Starting a new habit is exciting. We imagine how great life will be once we’re meditating daily, working out consistently, or eating healthier.
But a week later? Life happens. Motivation fades. The habit disappears.
So how do we make a habit stick?
Step 1: Start Small — Really Small
Make the habit so easy you can’t say no. Want to meditate? Start with 2 minutes. Want to journal? Write one sentence.
Small wins build momentum.
Step 2: Anchor It to an Existing Routine
Link your new habit to something you already do:
- After I brush my teeth, I’ll stretch for 1 minute.
- After I pour coffee, I’ll write in my journal.

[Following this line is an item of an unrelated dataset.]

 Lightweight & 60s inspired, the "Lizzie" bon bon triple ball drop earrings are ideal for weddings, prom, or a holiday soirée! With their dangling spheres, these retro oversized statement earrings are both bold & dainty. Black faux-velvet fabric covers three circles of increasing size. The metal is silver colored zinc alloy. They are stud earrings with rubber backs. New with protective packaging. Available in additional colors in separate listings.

This creates a habit “trigger.”
Step 3: Use Visual Cues and Reminders
Leave your workout clothes out. Put a sticky note on the fridge. Set a phone reminder.

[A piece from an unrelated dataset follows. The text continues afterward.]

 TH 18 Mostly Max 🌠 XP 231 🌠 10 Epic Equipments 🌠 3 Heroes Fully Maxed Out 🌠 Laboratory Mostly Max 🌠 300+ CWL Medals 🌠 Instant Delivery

Visibility helps repetition.
Step 4: Track It — But Don’t Judge
Use a habit tracker or checkmark system. Seeing progress is motivating — even if it’s imperfect.
Step 5: Focus on Identity, Not Outcomes
Instead of “I want to run 3x/week,” think: “I’m the kind of person who moves daily.” Habits stick better when they align with who you believe you are.
Don’t wait for perfect motivation. Build systems that support the person you want to become.
One day missed is a blip. Two days missed is a decision.